Problem to work on: Please output, exactly and without pictures, the lines from the opening of the listing below through the line containing "- Metamucil Fiber", both included.

Collected data:
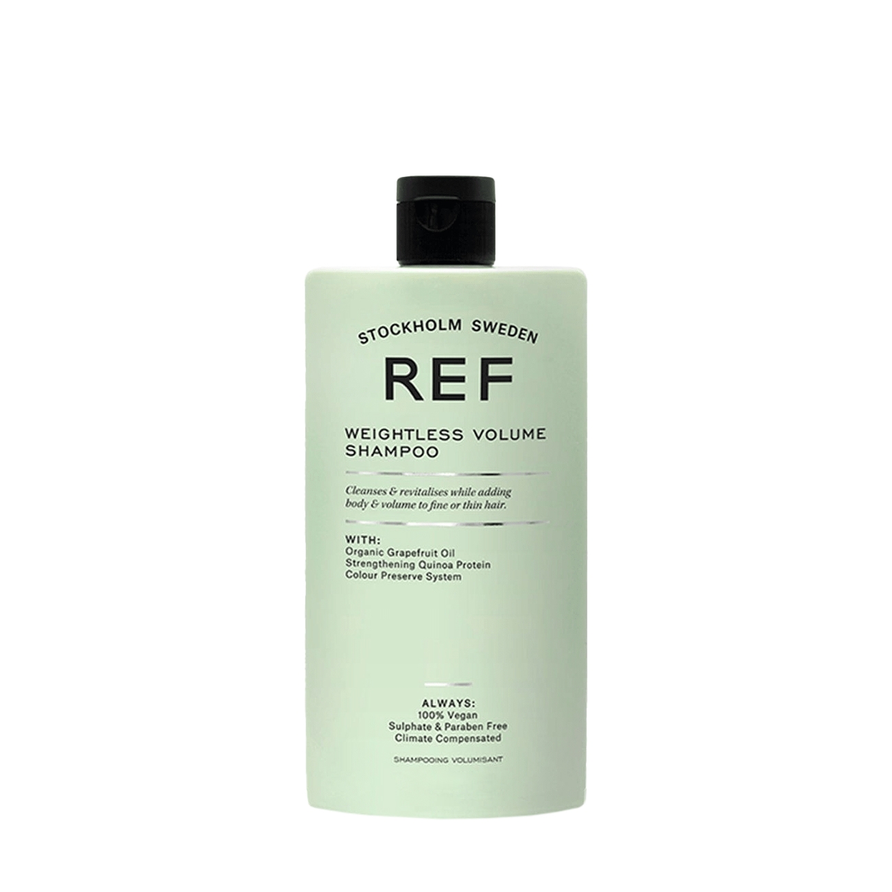 REF oferă produse de îngrijire a părului create cu ingrediente de înaltă calitate la bază cărora stă o formulă suedeză. Produsele au o formulă vegană și sunt destinate pentru orice nevoie de îngrijire sau stilizare a părului. Acest șampon este potrivit pentru părul fin, care are nevoie de volum și vitalitate. Curăță eficient scalpul și părul, oferindu-i strălucire și întărind firul de păr.
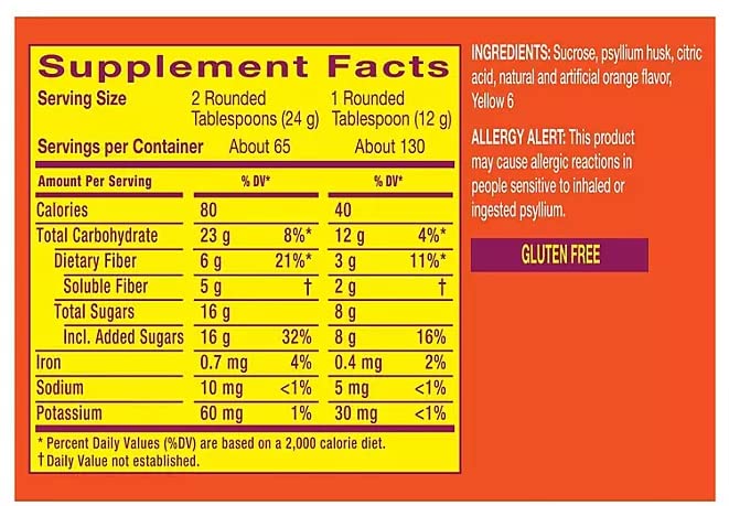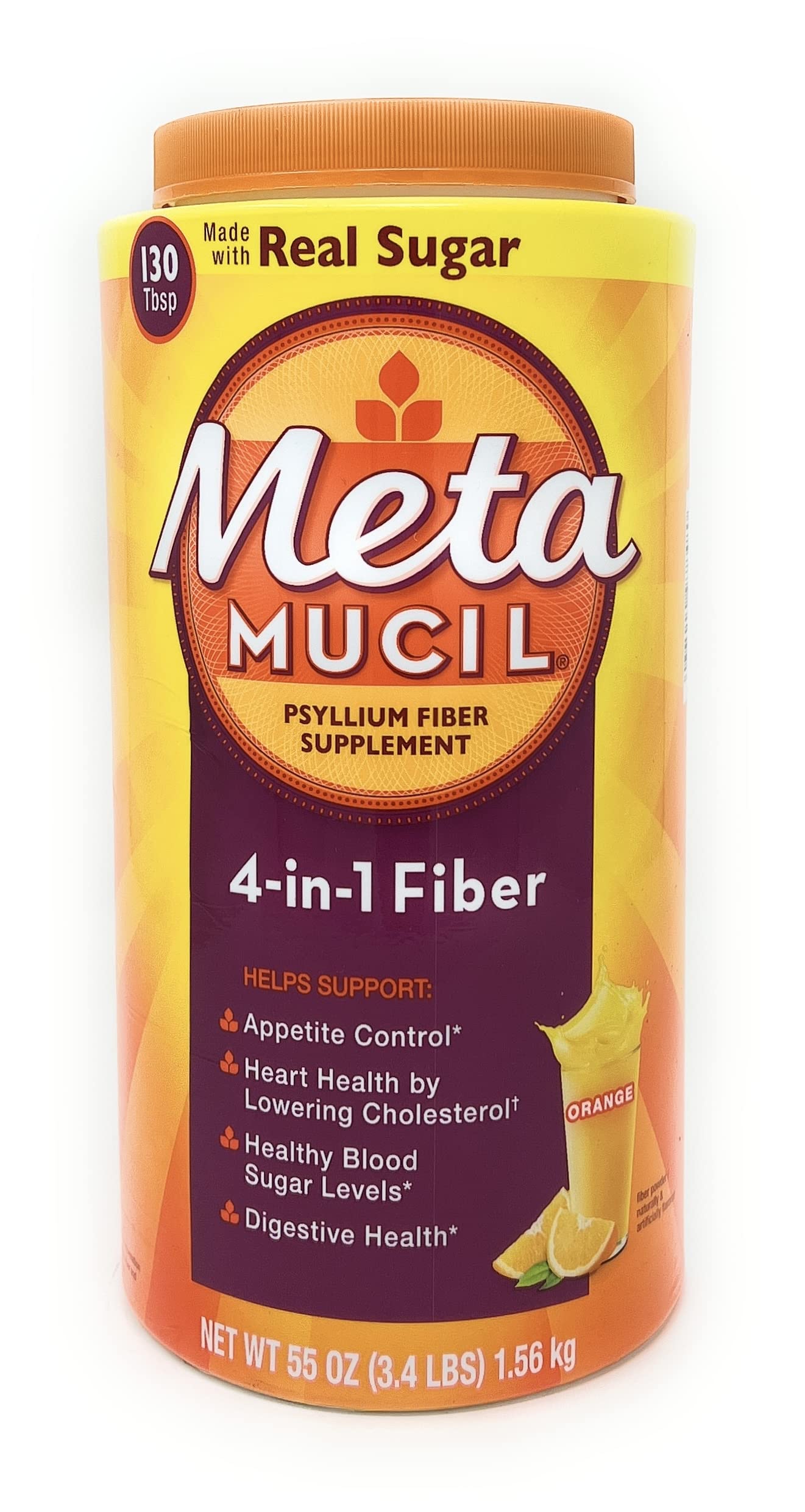 - Metamucil Fiber 4-in-1 Psyllium Fiber Supplement Powder with Real Sugar, Orange (55 oz)
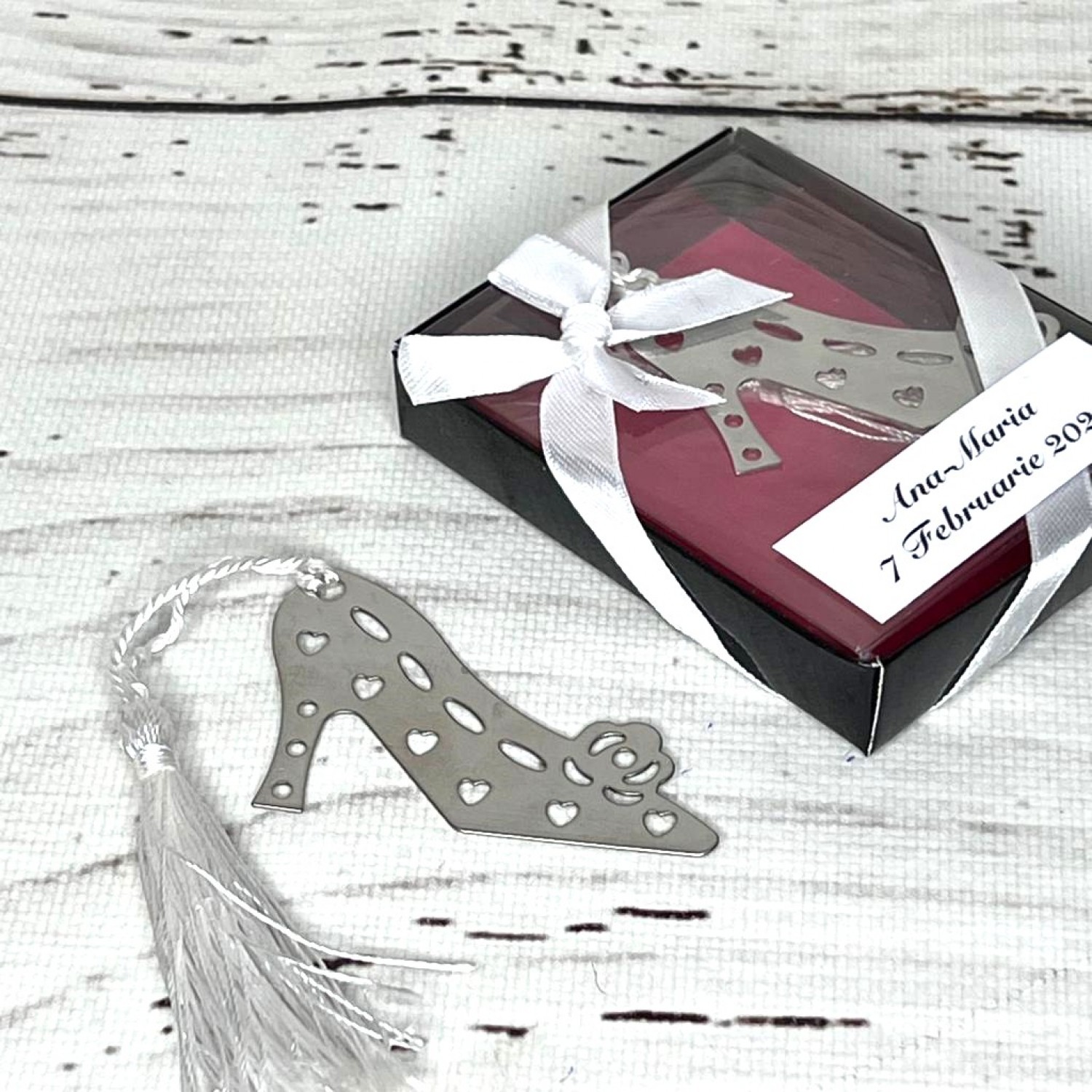 Marturiile nunta semne de carte pantof sunt alegerea perfecta pentru un eveniment cu tema "Cenusareasa". Aceste marturii cu design atractiv sunt realizate din metal si au snur in capat.

Response to this task:
 REF oferă produse de îngrijire a părului create cu ingrediente de înaltă calitate la bază cărora stă o formulă suedeză. Produsele au o formulă vegană și sunt destinate pentru orice nevoie de îngrijire sau stilizare a părului. Acest șampon este potrivit pentru părul fin, care are nevoie de volum și vitalitate. Curăță eficient scalpul și părul, oferindu-i strălucire și întărind firul de păr.
 - Metamucil Fiber 4-in-1 Psyllium Fiber Supplement Powder with Real Sugar, Orange (55 oz)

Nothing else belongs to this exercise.